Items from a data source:
Segment Open

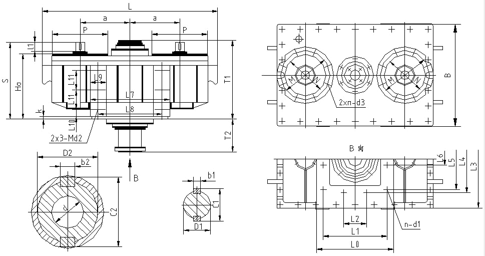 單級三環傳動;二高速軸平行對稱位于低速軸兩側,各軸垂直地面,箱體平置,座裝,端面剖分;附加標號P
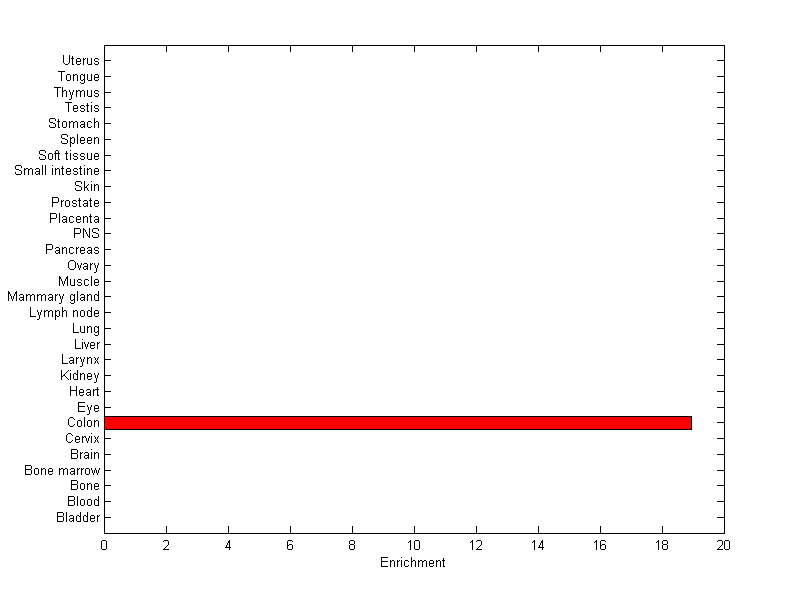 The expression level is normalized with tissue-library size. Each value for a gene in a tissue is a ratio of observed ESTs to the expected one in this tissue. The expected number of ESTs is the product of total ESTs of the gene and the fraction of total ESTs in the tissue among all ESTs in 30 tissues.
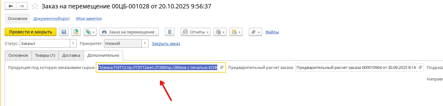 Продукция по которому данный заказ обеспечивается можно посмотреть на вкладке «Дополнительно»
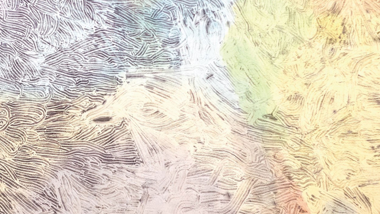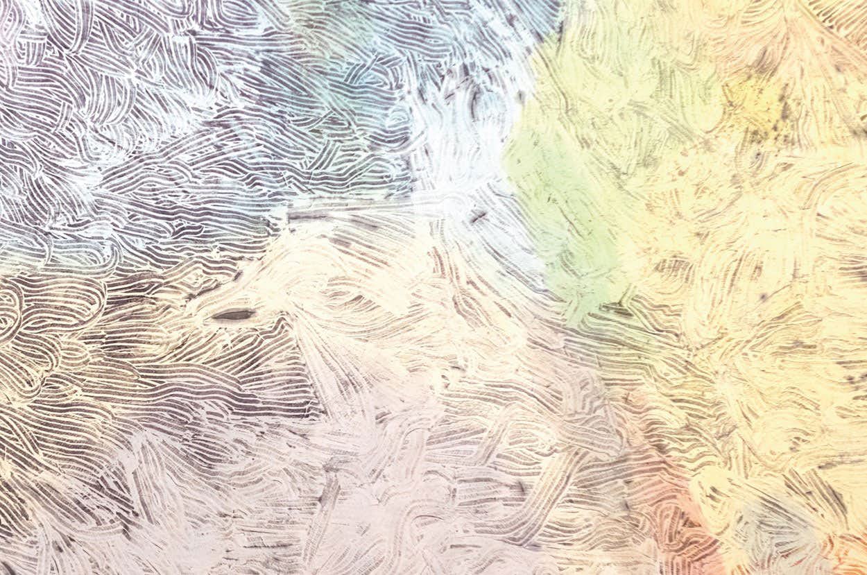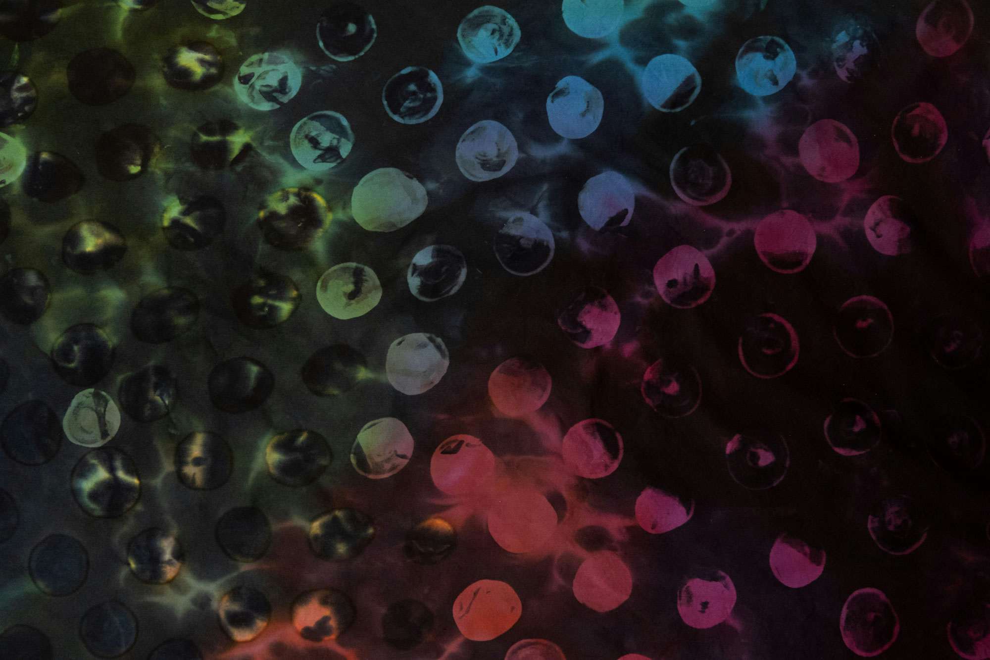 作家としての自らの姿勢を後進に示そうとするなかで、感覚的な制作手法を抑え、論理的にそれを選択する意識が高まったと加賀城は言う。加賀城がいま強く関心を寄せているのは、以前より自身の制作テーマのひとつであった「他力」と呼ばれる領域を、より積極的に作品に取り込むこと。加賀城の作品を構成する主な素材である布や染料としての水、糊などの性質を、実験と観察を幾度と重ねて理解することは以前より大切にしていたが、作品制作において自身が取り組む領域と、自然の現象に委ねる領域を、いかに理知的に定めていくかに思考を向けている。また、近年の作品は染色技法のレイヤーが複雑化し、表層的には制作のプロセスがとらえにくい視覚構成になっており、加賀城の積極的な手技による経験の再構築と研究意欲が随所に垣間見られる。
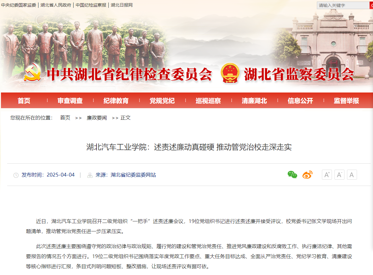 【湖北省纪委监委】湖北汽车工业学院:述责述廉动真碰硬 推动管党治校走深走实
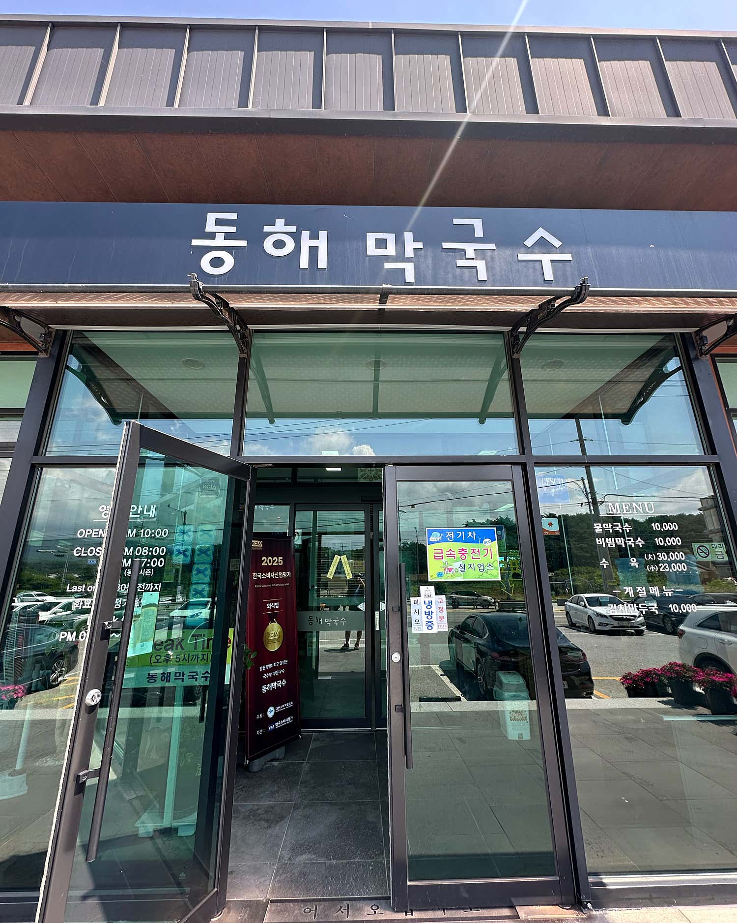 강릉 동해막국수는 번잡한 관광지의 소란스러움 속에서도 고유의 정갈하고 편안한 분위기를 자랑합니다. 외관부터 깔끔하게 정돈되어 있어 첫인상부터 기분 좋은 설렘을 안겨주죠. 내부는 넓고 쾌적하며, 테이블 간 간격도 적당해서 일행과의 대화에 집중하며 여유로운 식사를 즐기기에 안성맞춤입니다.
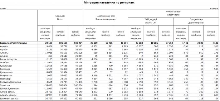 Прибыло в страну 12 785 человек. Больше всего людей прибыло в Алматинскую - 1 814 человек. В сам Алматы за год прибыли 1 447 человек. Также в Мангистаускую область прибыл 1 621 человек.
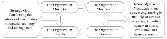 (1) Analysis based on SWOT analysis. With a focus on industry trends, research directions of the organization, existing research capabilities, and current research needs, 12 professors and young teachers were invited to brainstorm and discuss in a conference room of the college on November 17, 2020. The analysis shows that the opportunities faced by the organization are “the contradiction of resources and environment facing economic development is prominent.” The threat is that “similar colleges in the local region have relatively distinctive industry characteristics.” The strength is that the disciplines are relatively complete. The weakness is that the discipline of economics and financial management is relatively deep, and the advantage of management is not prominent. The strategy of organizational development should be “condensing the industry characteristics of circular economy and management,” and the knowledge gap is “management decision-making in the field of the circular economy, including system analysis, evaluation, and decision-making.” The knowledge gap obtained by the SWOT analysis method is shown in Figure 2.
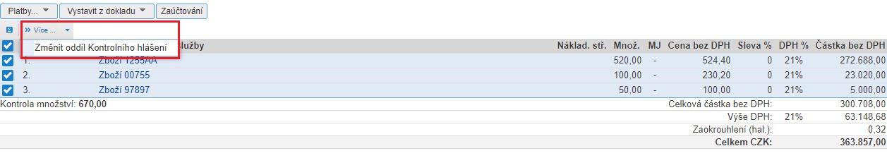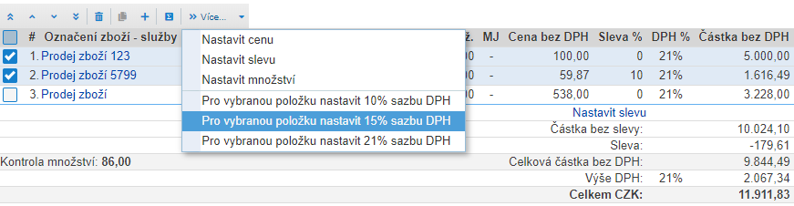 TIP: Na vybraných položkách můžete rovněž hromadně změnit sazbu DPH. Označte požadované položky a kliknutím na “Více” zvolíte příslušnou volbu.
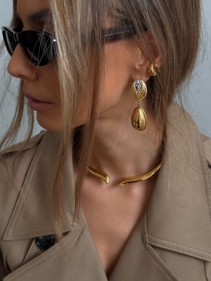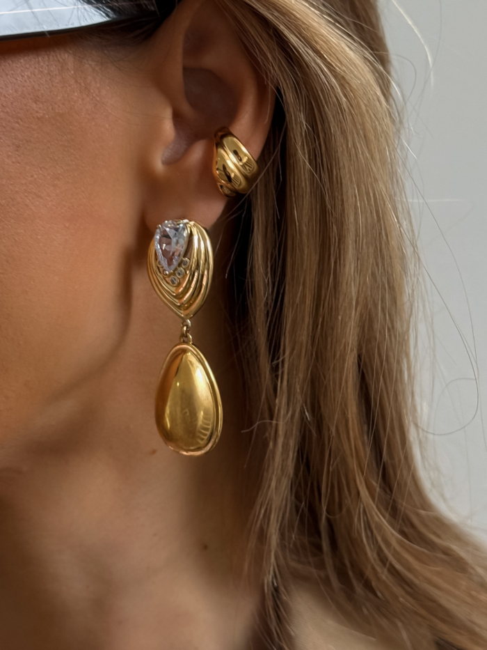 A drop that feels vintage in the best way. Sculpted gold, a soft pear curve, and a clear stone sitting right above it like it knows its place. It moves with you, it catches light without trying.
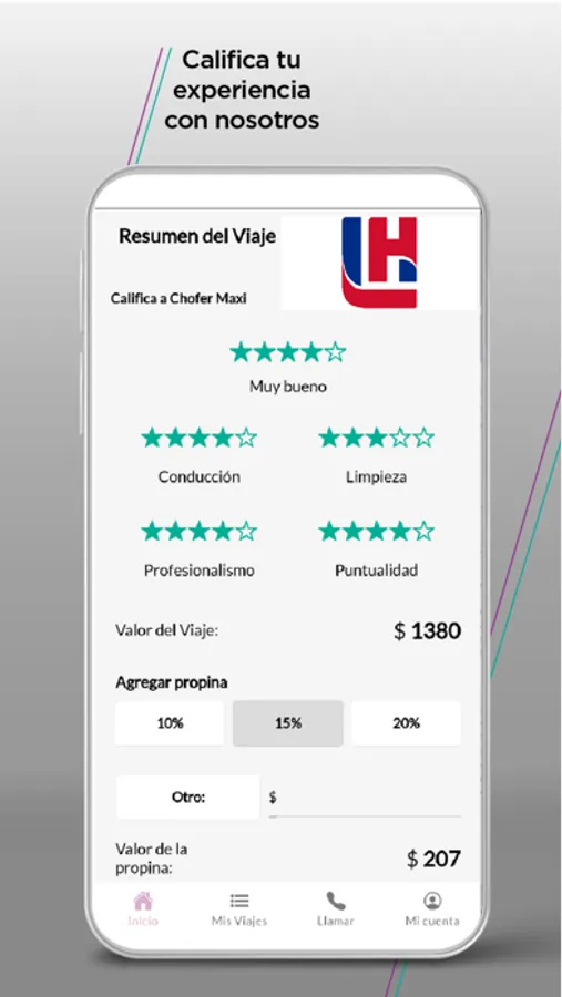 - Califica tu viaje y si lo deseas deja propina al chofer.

Segment Closed

• What you have to do: Copy out exactly the lines above beginning with the line that contains "作家としての自らの姿勢を後進" and finishing with the line that contains "Прибыло в страну", including both; leave the pictures out.

• Exercise result:
 作家としての自らの姿勢を後進に示そうとするなかで、感覚的な制作手法を抑え、論理的にそれを選択する意識が高まったと加賀城は言う。加賀城がいま強く関心を寄せているのは、以前より自身の制作テーマのひとつであった「他力」と呼ばれる領域を、より積極的に作品に取り込むこと。加賀城の作品を構成する主な素材である布や染料としての水、糊などの性質を、実験と観察を幾度と重ねて理解することは以前より大切にしていたが、作品制作において自身が取り組む領域と、自然の現象に委ねる領域を、いかに理知的に定めていくかに思考を向けている。また、近年の作品は染色技法のレイヤーが複雑化し、表層的には制作のプロセスがとらえにくい視覚構成になっており、加賀城の積極的な手技による経験の再構築と研究意欲が随所に垣間見られる。
 【湖北省纪委监委】湖北汽车工业学院:述责述廉动真碰硬 推动管党治校走深走实
 강릉 동해막국수는 번잡한 관광지의 소란스러움 속에서도 고유의 정갈하고 편안한 분위기를 자랑합니다. 외관부터 깔끔하게 정돈되어 있어 첫인상부터 기분 좋은 설렘을 안겨주죠. 내부는 넓고 쾌적하며, 테이블 간 간격도 적당해서 일행과의 대화에 집중하며 여유로운 식사를 즐기기에 안성맞춤입니다.
 Прибыло в страну 12 785 человек. Больше всего людей прибыло в Алматинскую - 1 814 человек. В сам Алматы за год прибыли 1 447 человек. Также в Мангистаускую область прибыл 1 621 человек.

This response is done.